Certain lease arrangements includes the options to extend or terminate the lease before the end of the lease term. ROU assets and lease liabilities includes these options when it is reasonably certain that they will be exercised.
The right-of-use assets are initially recognized at cost, which comprises the initial amount of the lease liability adjusted for any lease payments made at or prior to the commencement date of the lease plus any initial direct costs less any lease incentives. They are subsequently measured at cost less accumulated depreciation and impairment losses.

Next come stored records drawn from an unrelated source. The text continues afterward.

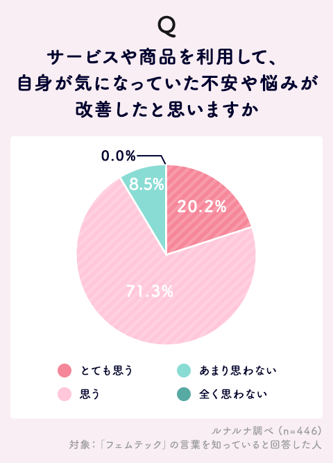 さらに、フェムテックサービスや商品を利用し自分の不安や悩みが改善したと思うかをたずねると「とても思う」20.2%、「思う」71.3%となり、合計するとなんと9割以上の人がフェムテックによって悩みや不安が改善されたと答えました。これは、フェムテックをよくわからないと思っていたり、なんとなく敷居の高いイメージを持っている人にとっても期待の持てる結果ではないでしょうか。
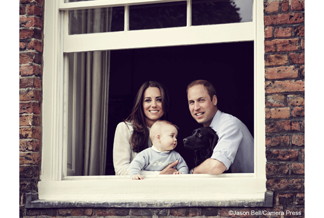 Imagine, if you will, the morning of the portrait session: Prince George fresh from the bath, swaddled in a towel, giggling and cooing as he studies his face in a mirror. ("MIRROR," reads a card taped to the gilded frame.) Prince William grabs the shirtless infant by his tummy and holds him aloft. "What the bloody hell is this thing?"
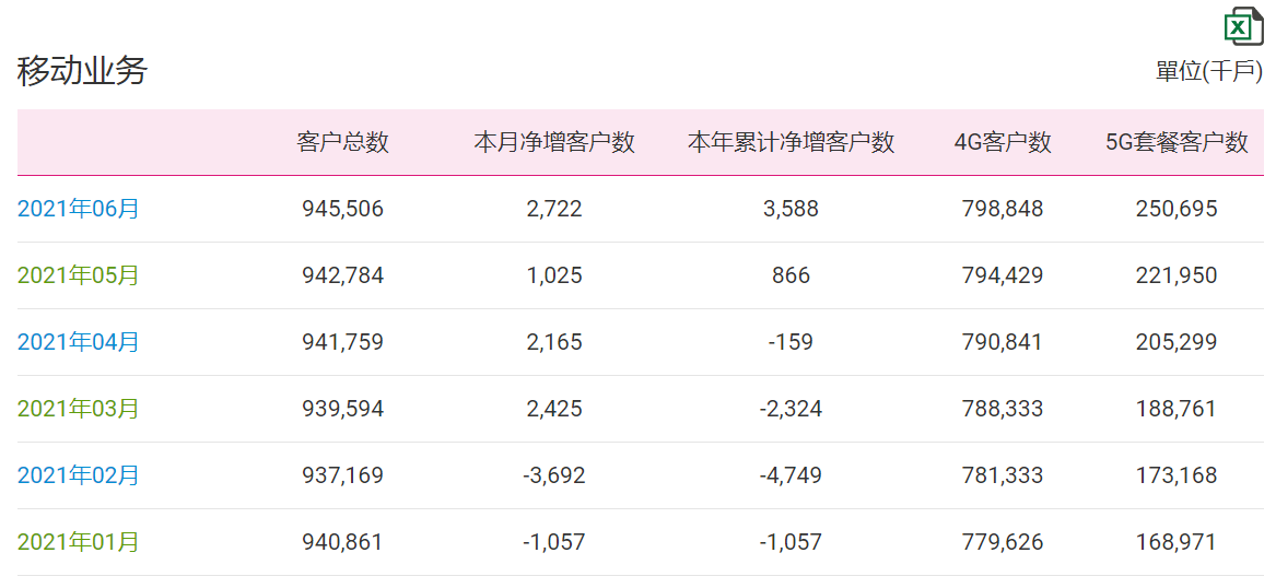 ICC訊 (編輯:Anton)7月20日,中國移動公布2021年6月份運營數(shù)據(jù),6月凈增5G套餐客戶數(shù)2874.5萬戶。截至2021年6月末,5G套餐客戶數(shù)累達2.50695億戶。5G套餐客戶指訂購5G資費套餐的個人移動電話客戶,不包含未訂購5G套餐、僅共享5G套餐資源的客戶。 4G客戶數(shù)凈增441.9萬,6月4G客戶數(shù)累計7.98848億。

Right-of-use assets are depreciated from the commencement date on a straight-line basis over the shorter of the lease term and useful life of the underlying asset. Right of use assets are evaluated for recoverability whenever events or changes in circumstances indicate that their carrying amounts may not be recoverable. For the purpose of impairment testing, the recoverable amount (i.e. the higher of the fair value less cost to sell and the value-in-use) is determined on an individual asset basis unless the asset does not generate cash flows that are largely independent of those from other assets. In such cases, the recoverable amount is determined for the Cash Generating Unit (CGU) to which the asset belongs.
The lease liability is initially measured at amortized cost at the present value of the future lease payments. The lease payments are discounted using the interest rate implicit in the lease or, if not readily determinable, using the incremental borrowing rates in the country of domicile of these leases. Lease liabilities are remeasured with a corresponding adjustment to the related right of use asset if the Company changes its assessment if whether it will exercise an extension or a termination option.

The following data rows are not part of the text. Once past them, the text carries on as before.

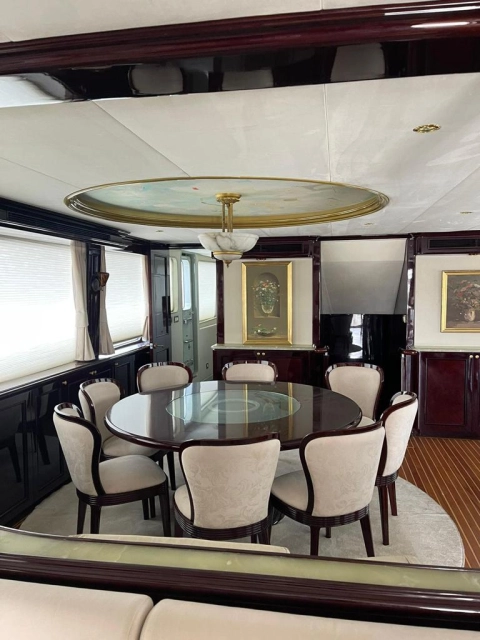 - El comedor cuenta con una mesa de madera circular y asientos para 8 con un elaborado fresco pintado a mano. Puede acomodar cómodamente hasta 8 huéspedes, con 4 cabinas aireadas y espaciosas, todas con baño/ducha en suite.
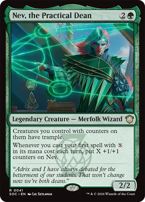 每當你施放每回合中你的第一個魔法力費用包含{X}的咒語時,在涅夫上放置X個+1/+1指示物。
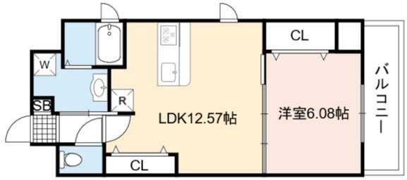 | 間取り詳細 | LDK 12.57畳 、 洋室 6.08畳 |
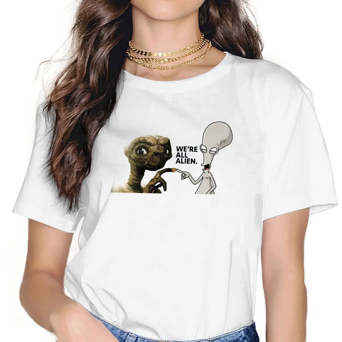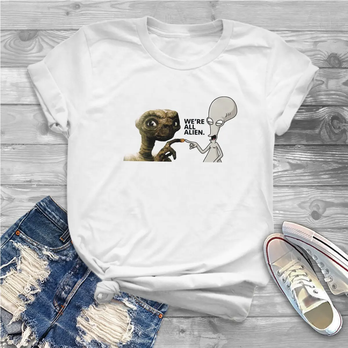 ET AND ROGER ALIEN LOVE The Americans Roger Alien Cartoon Women T Shirt Fibre Fashion O-Neck Polyester TShirt
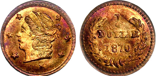 Beautiful 1870 Territorial Gold Fractional BG-808 exhibits satiny smooth orange peel fields with lovely plum hues at rim. Fields are well preserved and problem free. Devices well struck with terrific eye appeal throughout. Scarce in such a lofty state.
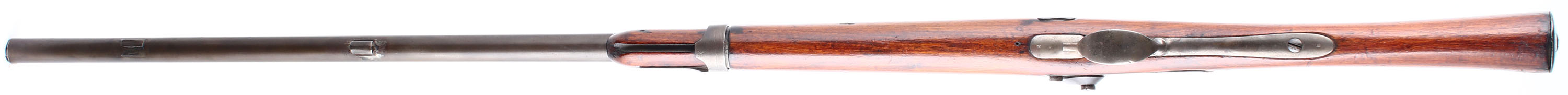 HISTORY: This rifle started life as MLE 1822 .69 Caliber (17.5mm) smooth bore flintlock musket. After France adopted the MLE 1840 which switched from a flintlock Charleville style action to the percussion ''Back Action''. France would in turn start converting older flintlocks with the new Percussion system, converted rifles are noted by having a ''T'' for Transformed added to the model on the gun. These systems were all .69 Caliber smooth bores. In 1846, French Military Instructor & Inventor Claude-Etienne Minie would invent the Minie Ball Which allowed Rifles to be loaded as quickly as smoothbore musket, but retain their rifle accuracy. France would later issue their first Rifled musket for the mainline infantry the MLE 1857 & the older smoothbores were rifled, making their bores 18mm, these would be marked 18mm & have a T added onto it model. Frane went through many small updates & changes during this time with their muskets & rifles so there are a lot of small variations of markings & style from surviving guns. Large numbers of these French muskets were imported just before & during the civil war for both the Union & Confederacy. People had mixed opinions on them because the rifles were a mix of perfectly fine rifles, & some which were unsafe to shoot. France was starting to switch to a breech loading rifle at this point so saw the Civil war as the perfect opportunity to off load all their unwanted older muskets, leading to them being in different states of disrepair, some being smoothbores, some being converted rifles, some older flintlocks, & converted percussion guns. France would later convert many of their muzzleloaders to a breech loader with the Tabatieres system. These would see use with France during the France Prussian war of 1870 alongside the MLE 1866 Chassepot. Many of these were converted to shotguns mostly in Belgium but some were done in France, & then sold on the US market around 1880's-1900 as cheap trade shotguns usually under the name ''ZULU'' or ''HUNTER''. This rifle here appears to be a Mle 1840 that was later bored with rifling, but the barrel & barrel tang markings are illegible.
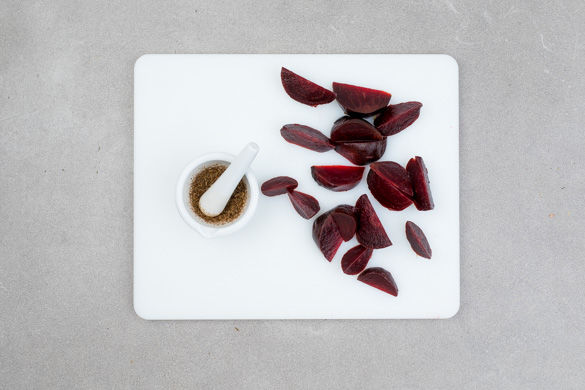 Den Kümmel in einer großen Pfanne ohne Zugabe von Fett bei mittlerer Hitze ca. 1Min. anrösten. Aus der Pfanne nehmen und abkühlen lassen, dann den Kümmel mit den Fingern oder einem Mörser grob zerreiben. Die Rote Bete in ca. 2cm breite Spalten schneiden. Dabei am besten Handschuhe und Schürze tragen.
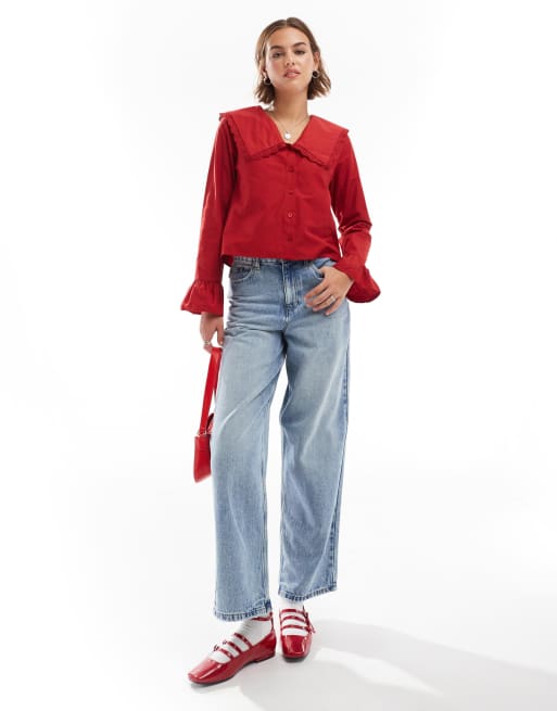 ASOS DESIGN - Blusa rossa in popeline con colletto oversize

Lease liability and ROU asset have been separately presented in the Balance Sheet and lease payments have been classified as financing cash flows.
(xii) Earnings per share
Basic earnings per share are calculated by dividing the net profit or loss for the period attributable to equity shareholders by the weighted average number of equity shares outstanding during the period. For the purpose of calculating diluted earnings per share, the net profit or loss for the period attributable to equity shareholders and the weighted average number of shares outstanding during the period are adjusted for the effects of all dilutive potential equity shares.